I don’t care much for forward earnings because they’re always someone’s optimistic best guess. I don’t care for current quarterly earnings either since they are much too volatile to base longer-term decisions on.

P/E is roughly twice the expected annual growth rate. This varies a lot, but with an average dividend payout rate of 50% of earnings, I think the dividend stream is a much better proxy for the growth rate because it is stable. Take the inverse yield and double it. That’ll give you a “P/E” proxy which doesn’t fluctuate as much. I’m talking rough numbers here. Rough numbers.

Many stocks trade on a valuation model that’s roughly

Price = P/E * Earnings

So if P/E is 20 and earnings are $1, that makes for a stock worth $20.

If P/E is historically high and P/Es are historically bounded with no “new-era” forthcoming, it means that P/Es are likely to grow down. A more typical value for the low range is a P/E of 10. Historically it takes about two decades to go from high to low.

Thanks to central bank policies we have now spent a decade going nowhere. This means that the leverage must be halved in 10 years. Linearly, that would be going from 20 in 2011 to 19 in 2012 to 18 in 2013, etc. until we hit 10 in 2020.

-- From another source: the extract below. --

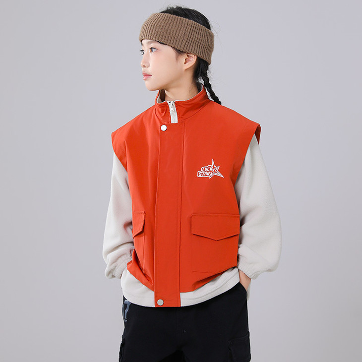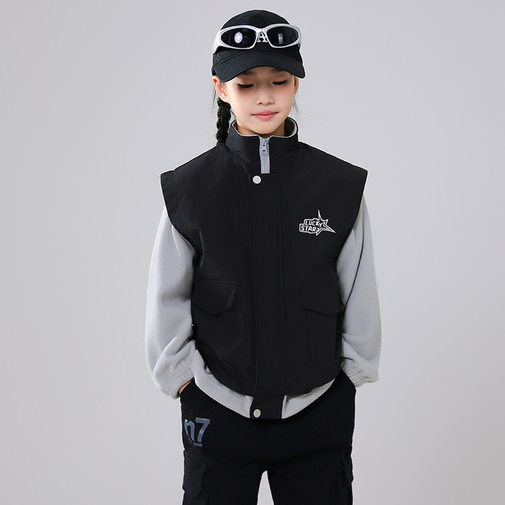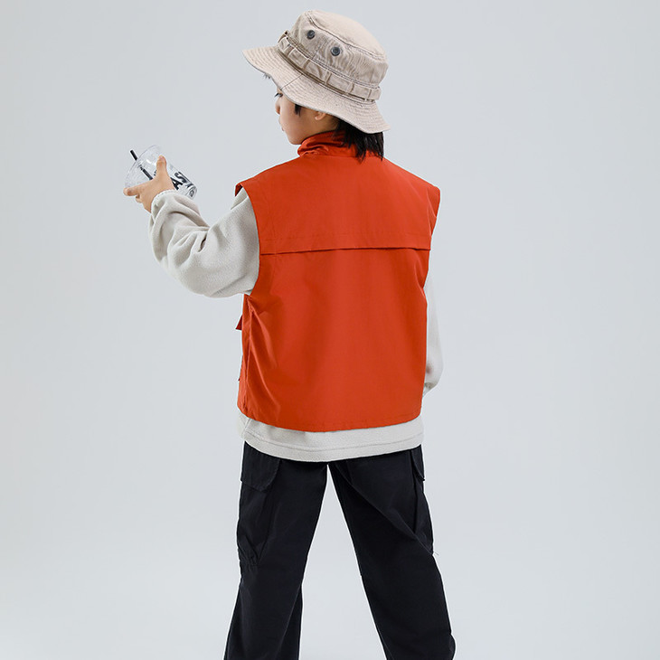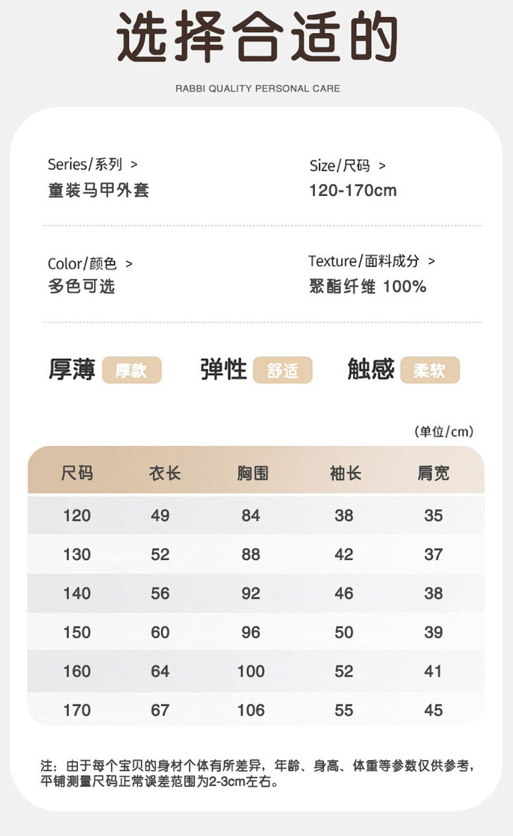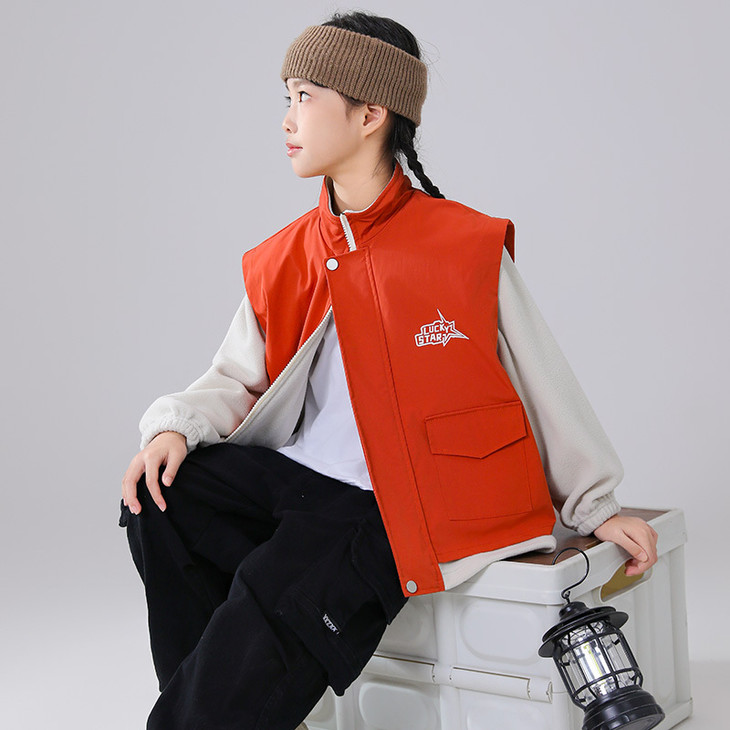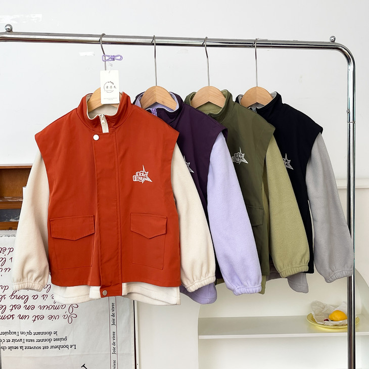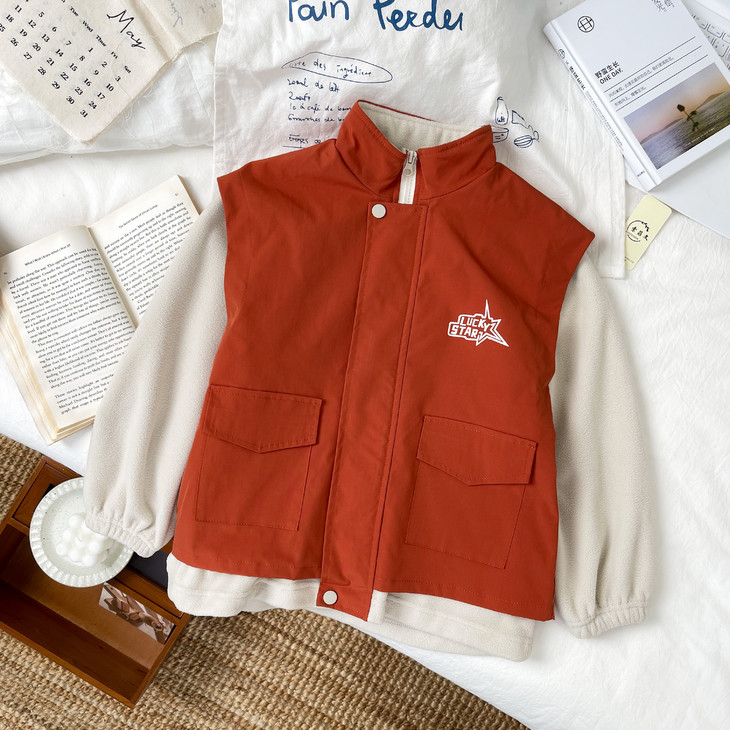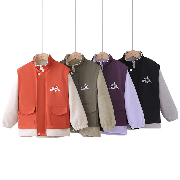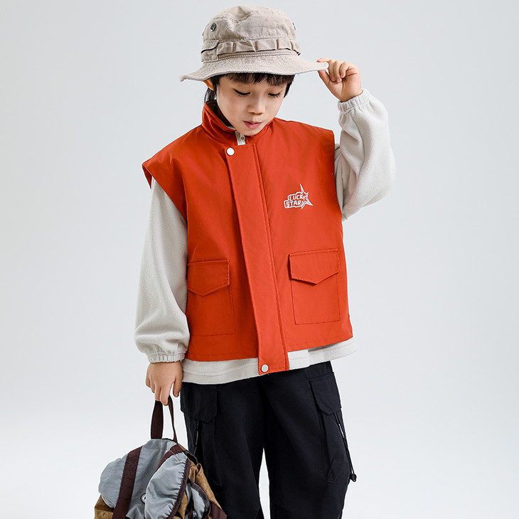 降温天气里,孩子户外活动怎么穿?这款儿童户外防风假两件外套解决了这个难题! 里层摇粒绒保暖,外层马甲防风防水溅,完美组合让宝贝在秋冬季户外活动中温暖又自在。 ✅ 假两件设计:外层防风马甲采用专业防风防水面料,轻松应对春秋微风和冬季寒风; 里层摇粒绒内里柔软亲肤,有效锁住体温,抵御寒冷。一件衣服两种保护,轻松应对10度以上温差变化! ✅ 轻盈保暖不臃肿:采用轻量梭织面料,比普通纯棉填充更加轻盈且更加保暖,孩子活动自如,跑跳无忧。 立体剪裁,宽松不松垮,对胖瘦宝宝包容度都超高。

This translates to a downwards pressure of 5-10% annual on stocks, a pressure that must be compensated for by increasing earnings. Now, 5-10% growth in the entire market is impossible, because the entire market is the GDP and the GDP grows very steadily at 3%.

This is the macro conclusion why stock prices will be at best flat for the next decade as increasing earnings make up for decreasing leverage.

This is also why I’m not betting on capital gains.

Implications: A portfolio that relies on selling a small fraction of shares annually to create an income will end up with fewer shares than it anticipates. In a market with declining multiples it is better to rely on dividends. Some of these could be used to buy stock at lower multiples but that would be at the discretion of the investor. A total return approach where all the earnings are retained for further earnings growth mostly makes sense in markets where multiples are rising along with earnings. Such a market is at least half a dozen years off.